Copy, word for word, the opening line of the data and each line after it until the line that contains "Utdrag från fastighetskartan", which is included. Leave the pictures out.

══ Supplied entries ══

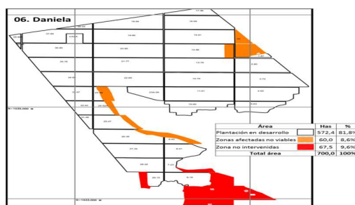
Mapa 1. Resultado de Censo realizado sobre Compartimento 06.

El valor total del deterioro $283.301.091 en los activos biológicos, las hectáreas viables del compartimento son de 82% de las hectáreas reportadas anteriormente, equivalente a 572,4 hectáreas. Por último, adjuntamos el plano correspondiente a las siguientes hectáreas.
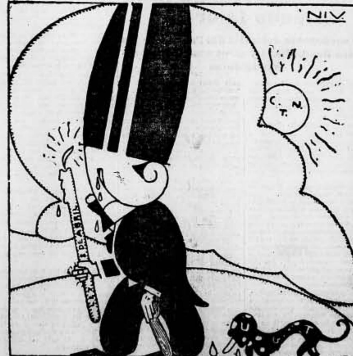
— Con el calor que hace... para poco tiempo me queda vela.
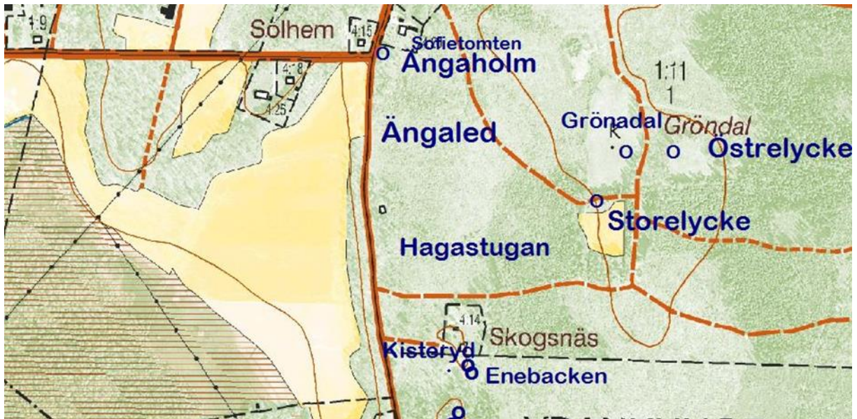
Utdrag från fastighetskartan © Lantmäteriet 452076
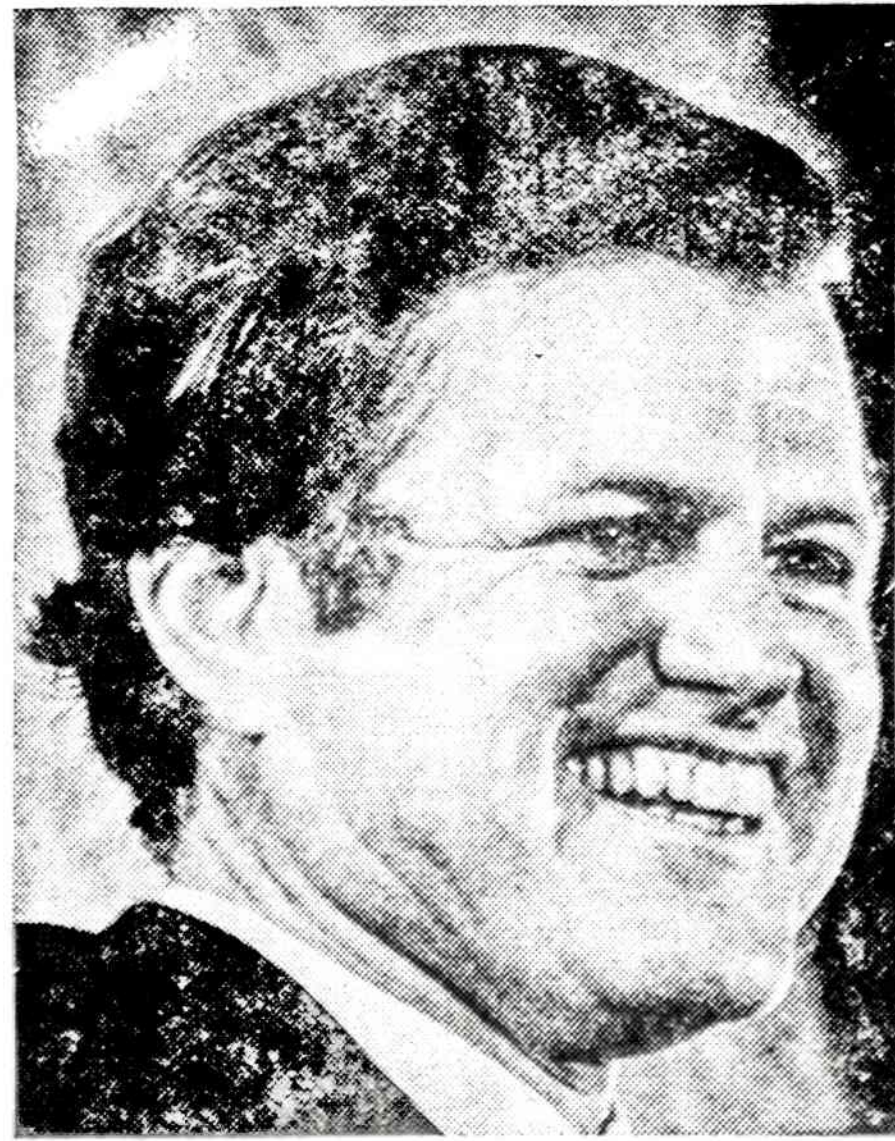
Senatorius Edward Kennedy kelis kart yra griežtai pareiškęs, kad jis nėra kandidatas į prezidento vietą. Kitiems demokratų politikams nesugebant prasimušti į aiškia kandidato poziciją, jo vardas vis iškyla, kaip kandidato, kuris galėtų suvienyti demokratų partiją.

PLYMOUTH. — Žuvusio sen. Robert Kennedy našlė Ethel slidinėdama susilaužė koją.
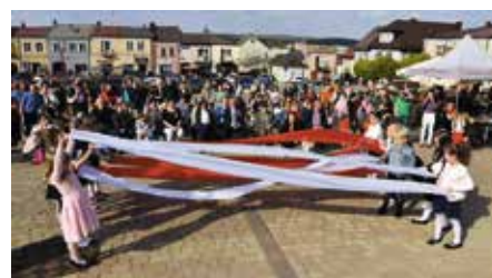
Patriotycznie i klimatycznie podczas majówki w Chęcinach
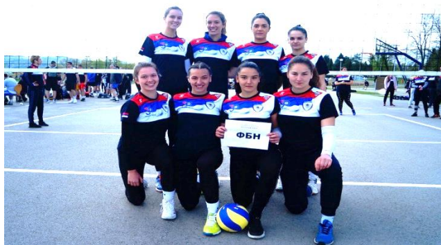
1. мјесто: Факултет безбједносних наука
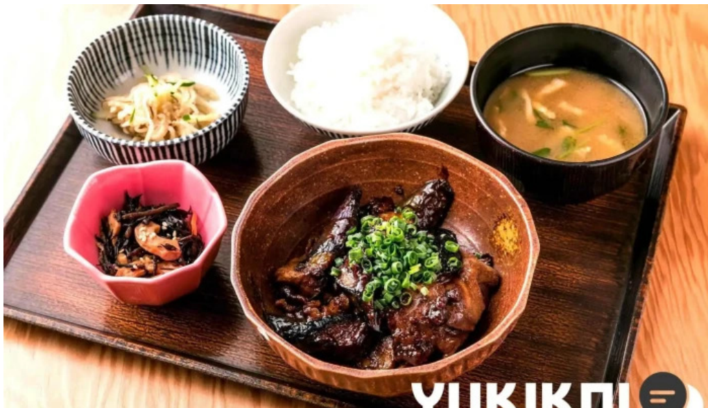
土鍋炊ごはん なかよし 目黒店
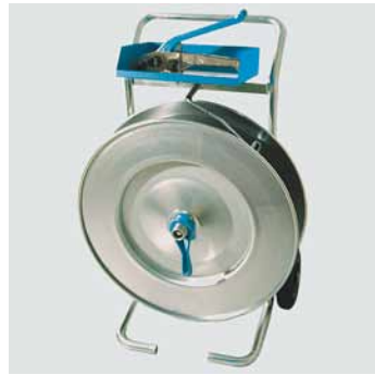
Abwickler SEK 629 , verzinkt, mit Ablagefach, für Kunststoffband 13 und 16 mm, Kern Ø 406 mm Best.-Nr. € 59 10 03 Abwickler SEK 629 362,-
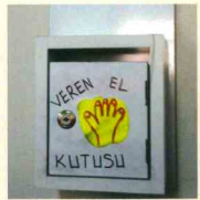
Sadaka Taşı Projesi
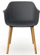
Fauteuil Shape Wood Gris Foncé 05312
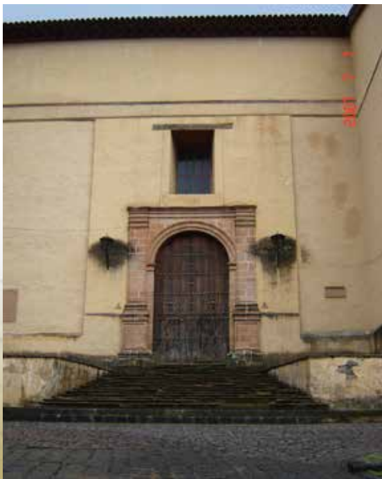
Imagen 5. Portada lateral del Templo de San Ignacio de Loyola.
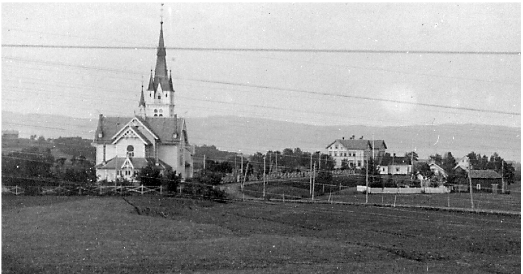
Strinda hovedkirke i forgrunnen. Amtsskulen på Moholt i bakgrunnen. Kirka vart innvigd i 1900.

I august 1902 vart flytting av skulen frå Meldal gjennomført, dessverre i ausande regnver. Bygningen var enno ikkje
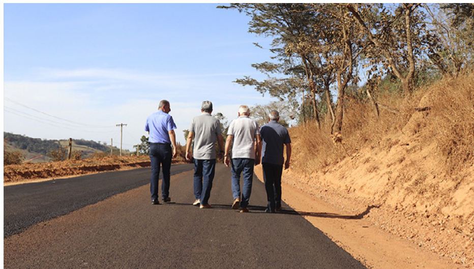
Texto/Foto: ASCOM da Prefeitura de PA.

A Prefeitura de Pouso Alegre deu início à fase de pavimentação da estrada que liga os bairros Faisqueira, Cristal e Brejal . Anteriormente, no local foram retirados mais de 40 caminhões de terra preta que dificultava o andamento das obras.
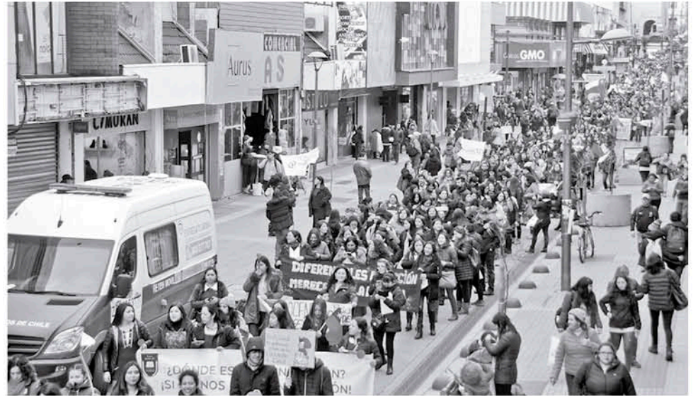
EN LOS ÁNGELES SE REGISTRÓ otra masiva movilización este miércoles en apoyo al paro de los profesores.

“El alcalde tomó esa medida basado en que es el empleador de todos los profesores de la comuna. Ahora yo estoy despachando la aprobación del calendario para que mañana mismo se paguen esos días”, comentó San Martín.

═══

* [Response]:
Mapa 1. Resultado de Censo realizado sobre Compartimento 06.

El valor total del deterioro $283.301.091 en los activos biológicos, las hectáreas viables del compartimento son de 82% de las hectáreas reportadas anteriormente, equivalente a 572,4 hectáreas. Por último, adjuntamos el plano correspondiente a las siguientes hectáreas.
— Con el calor que hace... para poco tiempo me queda vela.
Utdrag från fastighetskartan © Lantmäteriet 452076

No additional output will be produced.